[Problem to work on]
Can you copy out the data exactly? Leave the images out.

___

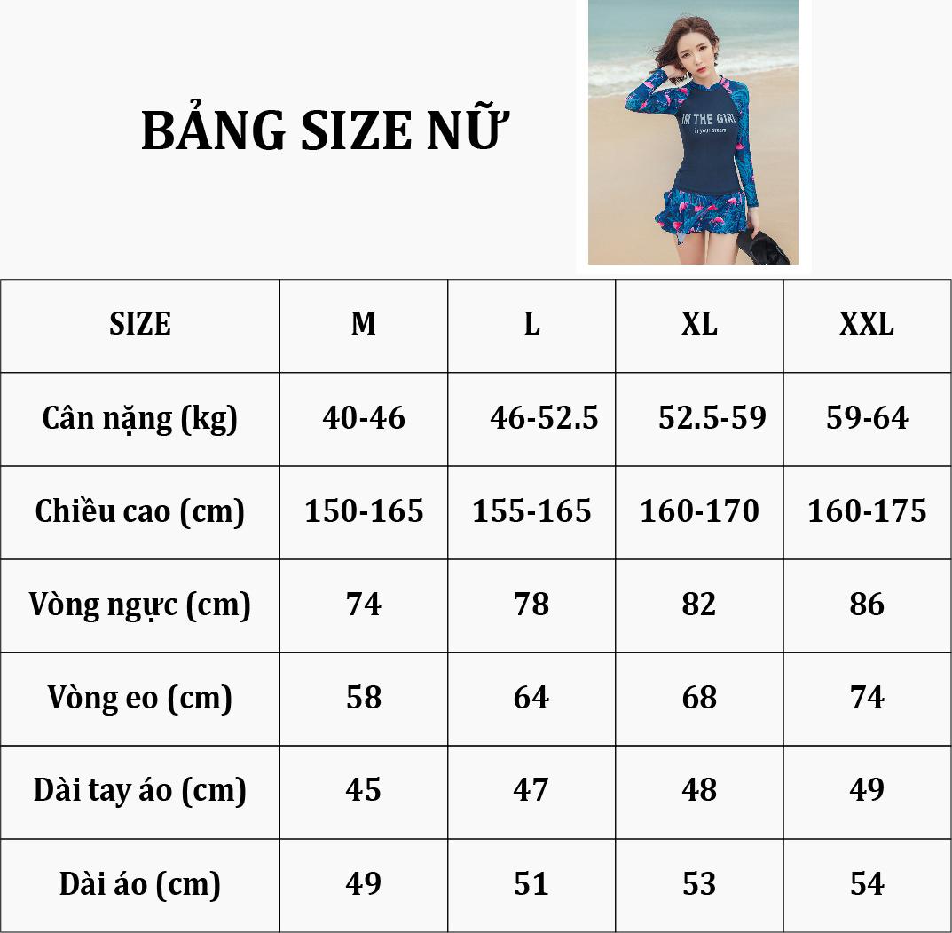 Mua tại TiktokĐồ bơi cho nữ dài tay, chân váy liền quần. Có 2 màu: Xanh đen và màu đen. Sản phẩm không bao gồm nón Thành phần vải: Chất liệu thun cao cấp: 87% Nylon; 13% Spandex Thành phần vải lót: 100% sợi Polyester Các tính năng: Vải bền và chắc chắn; Co giãn, đàn hồi tốt. Chống ánh nắng chiếu trực tiếp, bảo vệ da; Giữ nhiệt tốt, không bị lạnh khi bơi. Không hút, thấm nước và rất nhanh khô. Quyết định chọn size: Để lựa chọn size một cách chính xác các mẹ dựa vào các thông số cơ bản sau: Cân nặng (kg), Vòng ngực (cm), Vòng eo (cm), Chiều cao (cm)…
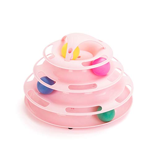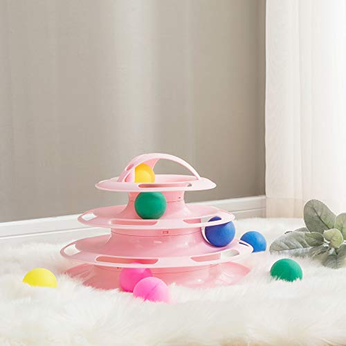 Suhaco Giocattoli per gatti Roller Interattivo a 4 Strati per Gatti da Interni Torre di Tracce Puzzle Teaser Gattino Giocattolo (Rosa)
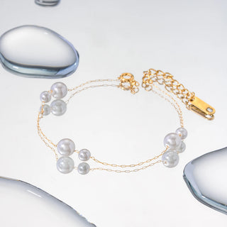 ステンレス304 低ニッケル 水に濡れても錆びにくい 18Kゴールドメッキ ブレスレット パール 【YJ01783】
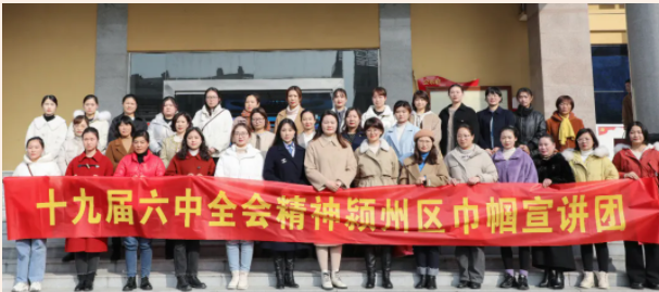 学习宣传贯彻党的十九届六中全会精神,是当前和今后一个时期的重大政治任务。为全面深入学习党的十九届六中全会精神,扎实推进学习贯彻工作,进一步打牢全区广大妇女听党话、跟党走的思想根基,颍州区妇联迅速行动,组建巾帼宣讲团。12月15日上午,颍州区学习贯彻党的十九届六中全会精神巾帼宣讲启动仪式在区委一楼会议中心举行。各乡镇街道妇联主席、区直各单位妇联工作负责人、十九届六中全会精神巾帼宣讲团全体成员120余人参加了启动仪式。
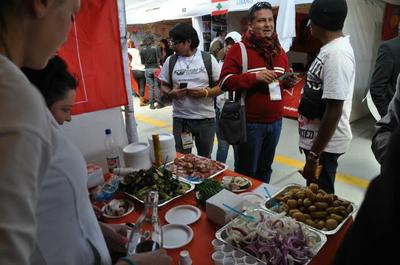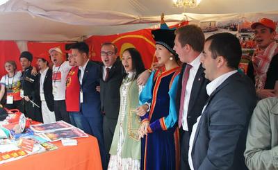 Пришедшие на презентацию гости с удовольствием фотографировались с представителями различных народов России, угощались солеными огурцами, картошкой в мундире и салом.
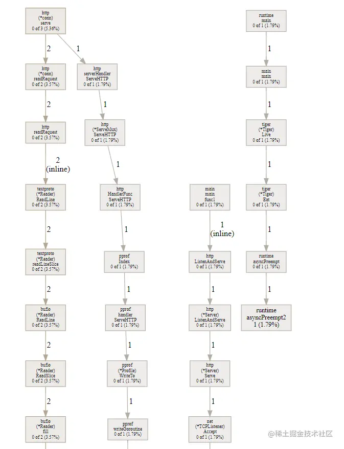 - go tool pprof -http=:8082 "http://localhost:6060/debug/pprof/goroutine"
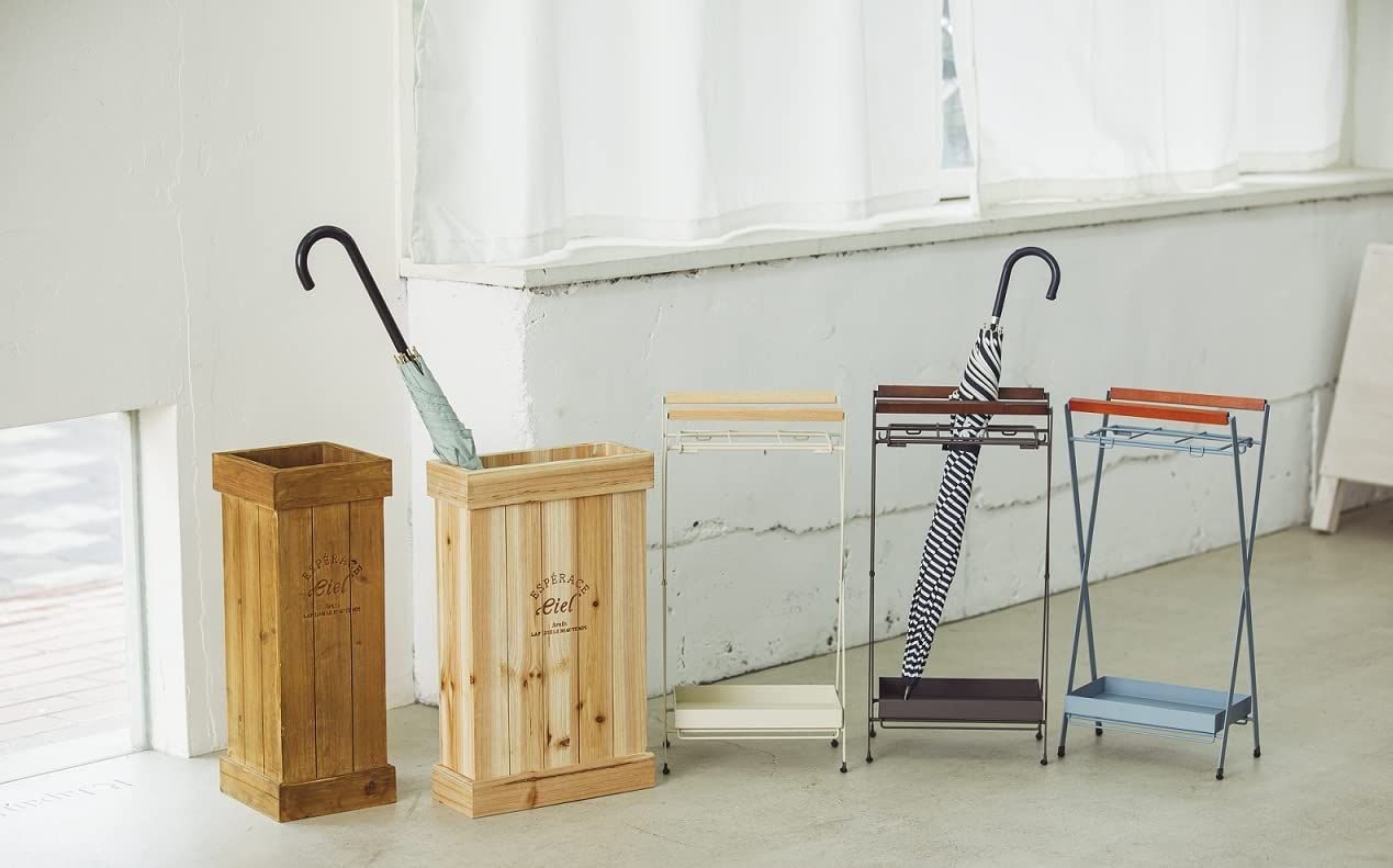 ハンドルのウッドがナチュラルな可愛らしい傘立てです
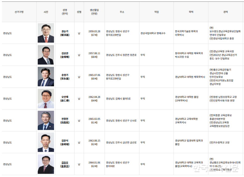 박종훈 교육감이 연임 제한에 걸린 경남은 전국에서 가장 많은 7명의 예비후보가 등록해 다자구도를 형성했다. 권순기 전 경상국립대 총장, 김상권 전 경남교육청 교육국장, 송영기 전교조 경남지부장, 오인태 전 창원남정초 교장, 김준식 전 지수중 교장, 김승오 전 청와대 교육행정관이 표심대결을 하고 있다.

___

[Answer below]
 Mua tại TiktokĐồ bơi cho nữ dài tay, chân váy liền quần. Có 2 màu: Xanh đen và màu đen. Sản phẩm không bao gồm nón Thành phần vải: Chất liệu thun cao cấp: 87% Nylon; 13% Spandex Thành phần vải lót: 100% sợi Polyester Các tính năng: Vải bền và chắc chắn; Co giãn, đàn hồi tốt. Chống ánh nắng chiếu trực tiếp, bảo vệ da; Giữ nhiệt tốt, không bị lạnh khi bơi. Không hút, thấm nước và rất nhanh khô. Quyết định chọn size: Để lựa chọn size một cách chính xác các mẹ dựa vào các thông số cơ bản sau: Cân nặng (kg), Vòng ngực (cm), Vòng eo (cm), Chiều cao (cm)…
 Suhaco Giocattoli per gatti Roller Interattivo a 4 Strati per Gatti da Interni Torre di Tracce Puzzle Teaser Gattino Giocattolo (Rosa)
 ステンレス304 低ニッケル 水に濡れても錆びにくい 18Kゴールドメッキ ブレスレット パール 【YJ01783】
 学习宣传贯彻党的十九届六中全会精神,是当前和今后一个时期的重大政治任务。为全面深入学习党的十九届六中全会精神,扎实推进学习贯彻工作,进一步打牢全区广大妇女听党话、跟党走的思想根基,颍州区妇联迅速行动,组建巾帼宣讲团。12月15日上午,颍州区学习贯彻党的十九届六中全会精神巾帼宣讲启动仪式在区委一楼会议中心举行。各乡镇街道妇联主席、区直各单位妇联工作负责人、十九届六中全会精神巾帼宣讲团全体成员120余人参加了启动仪式。
 Пришедшие на презентацию гости с удовольствием фотографировались с представителями различных народов России, угощались солеными огурцами, картошкой в мундире и салом.
 - go tool pprof -http=:8082 "http://localhost:6060/debug/pprof/goroutine"
 ハンドルのウッドがナチュラルな可愛らしい傘立てです
 박종훈 교육감이 연임 제한에 걸린 경남은 전국에서 가장 많은 7명의 예비후보가 등록해 다자구도를 형성했다. 권순기 전 경상국립대 총장, 김상권 전 경남교육청 교육국장, 송영기 전교조 경남지부장, 오인태 전 창원남정초 교장, 김준식 전 지수중 교장, 김승오 전 청와대 교육행정관이 표심대결을 하고 있다.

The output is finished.